Created attachment 241630 [details] Adds test cases, and fixes the behavior of TaskAnalysisPatch
Attachment 241630 [details] did not pass style-queue: ERROR: Tools/Scripts/webkitpy/tool/bot/patchanalysistask.py:237: too many blank lines (2) [pep8/E303] [5] Total errors found: 1 in 3 files If any of these errors are false positives, please file a bug against check-webkit-style.
Created attachment 241631 [details] Style fix
Comment on attachment 241631 [details] Style fix View in context: https://bugs.webkit.org/attachment.cgi?id=241631&action=review > Tools/Scripts/webkitpy/tool/bot/patchanalysistask.py:241 > + if second_results.did_exceed_test_failure_limit() or first_results.did_exceed_test_failure_limit(): > + if not first_results.did_exceed_test_failure_limit(): > + self._should_defer_patch_or_throw(first_results.failing_test_results(), first_results_archive, first_script_error, first_failure_status_id) > + else: > + self._should_defer_patch_or_throw(second_results.failing_test_results(), second_results_archive, second_script_error, second_failure_status_id) > + return False I think that this condition is unnecessarily convoluted.
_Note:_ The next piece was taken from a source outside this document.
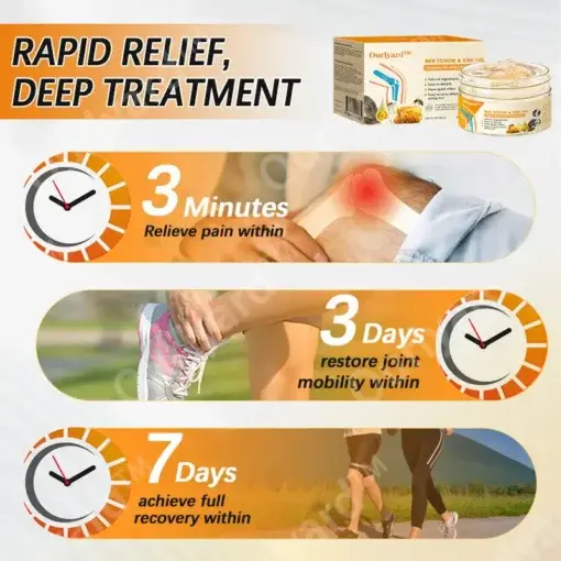 Approved by orthopedic specialists, Ourlyard™ Emu Oil & Bee Venom Arthritis Pain Relief Massage Gel delivers fast relief, soothing pain in just 3 minutes. It restores joint mobility within 3 days and supports full arthritis recovery in just 7 days. Formulated with natural anti-inflammatory ingredients like pure emu oil and bee venom, this gel penetrates deeply to reduce inflammation, improve circulation, lubricate joints, and promote long-term healing. Clinically proven and easy to use, it’s the ultimate solution for arthritis sufferers seeking quick relief and lasting recovery.

Can you split it in two? if first_results.did_exceed_test_failure_limit(): ... if second_results.did_exceed_test_failure_limit(): ... Also, it's confusing that _should_defer_patch_or_throw doesn't return a result (or do we ignore it?). It sounds like a function whose job is to return a boolean without an side effects.
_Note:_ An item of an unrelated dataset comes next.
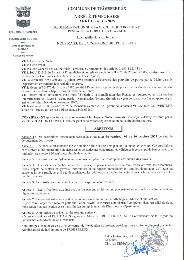 Arrêté 49-2025 Travaux chapelle Houssoy Le Farcy

(In reply to comment #4) > Comment on attachment 241631 [details] > Style fix > > View in context: > https://bugs.webkit.org/attachment.cgi?id=241631&action=review > > > Tools/Scripts/webkitpy/tool/bot/patchanalysistask.py:241 > > + if second_results.did_exceed_test_failure_limit() or first_results.did_exceed_test_failure_limit(): > > + if not first_results.did_exceed_test_failure_limit(): > > + self._should_defer_patch_or_throw(first_results.failing_test_results(), first_results_archive, first_script_error, first_failure_status_id) > > + else: > > + self._should_defer_patch_or_throw(second_results.failing_test_results(), second_results_archive, second_script_error, second_failure_status_id) > > + return False > > I think that this condition is unnecessarily convoluted. Can you split it in > two? > if first_results.did_exceed_test_failure_limit(): > ... > if second_results.did_exceed_test_failure_limit(): > ... > > Also, it's confusing that _should_defer_patch_or_throw doesn't return a > result (or do we ignore it?). It sounds like a function whose job is to > return a boolean without an side effects. Good point, yeah this should be written in a way that's easier on the eyes and brain. I'll change it. _should_defer_patch_or_throw is a strange one. It will either return True, for "Yes, you should defer the patch", False for "You shouldn't necessarily defer the patch", or it will throw if it knows that the patch should be rejected. In this case, there's enough information to know that if _should_defer_patch_or_throw doesn't throw, then we should always defer.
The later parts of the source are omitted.